To me it makes sense that it should jump back to 0x5004 since that is technically the next instruction after the jump, but the documentation explicitly says R[31] = PC + 4 so it is confusing me a little bit, which would be x5008. Thanks!

1
mips

1 Answers

2
votes

The thing you have to consider are branch delay slots.

First let's handle the case where they're off. This is the default for simulators like spim and mars. Things are simple:

5000: jalr $10                      # (1) $31 will have 5004
5004: nop                           # (2) this executed upon return

This is the way most architectures work.

But, mips has [the aforementioned] branch delay slots.

If the delays are enabled [in simulators] or real hardware, after every transfer of control instruction (e.g. branch, jump, jal, jalr) is a single instruction that follows in the delay slot that is unconditionally executed before the branch is actually taken [or not]:

5000: jalr $10                      # (1) $31 will have 5008
5004: nop                           # (2) this executed _before_ branch taken
5008: nop                           # (3) this executed upon return

So, the effective execution order is actually (2), (1), (3).

In the general case, you have a three step sequence:

5000: beqz $10,foobar               # (1) conditional branch to foobar
5004: nop                           # (2) executed _before_ branch taken
5008: nop                           # (3) executed _after_ if branch _not_ taken

Once again, the effective execution order will be (2), (1). Then, either the first instruction of foobar is executed [if the branch was taken] or the instruction at 5008 (3) will be executed if the branch is not taken.

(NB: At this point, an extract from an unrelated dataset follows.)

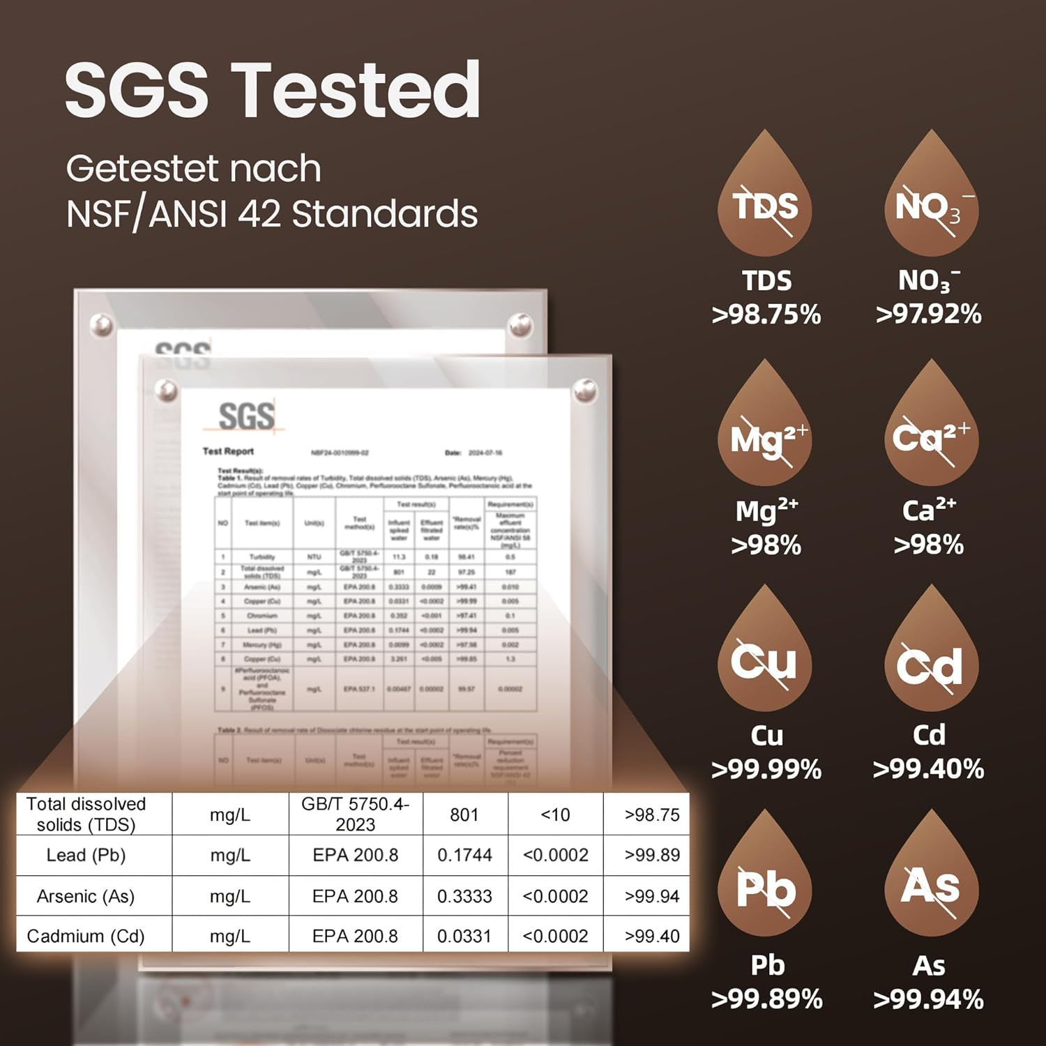 - 8-Stufen-Filtration für 99,99 % Reinheit – entfernt Blei, Schwermetalle, Nitrate, Bakterien und Viren

Okay, you may be asking why?

In early MIPS chips, instructions were prefetched. For example, the instruction for cycle N+1 was prefetched [and possibly predecoded] in cycle N (a one cycle delay).

So, on cycle N, the instruction execution unit is executing the instruction fetched in cycle N-1 (e.g. 5000), the instruction prefetch unit is fetching the next instruction (at 5004). They overlap with the one cycle delay. In cycle N+1, the execution unit is executing the prefetched instruction (at 5004) and the prefetch unit is prefetching the next instruction (at 5008).

This works great until a conditional transfer of control instruction is encountered.

Without the delay slot, the processor would have to stall, and the instruction after the branch that got prefetched on the same cycle as the branch was executed would be wasted. With the delay slot execution, you can usually populate the slot with something useful, so the prefetch needn't be wasted.

But, it does makes things a bit more complicated.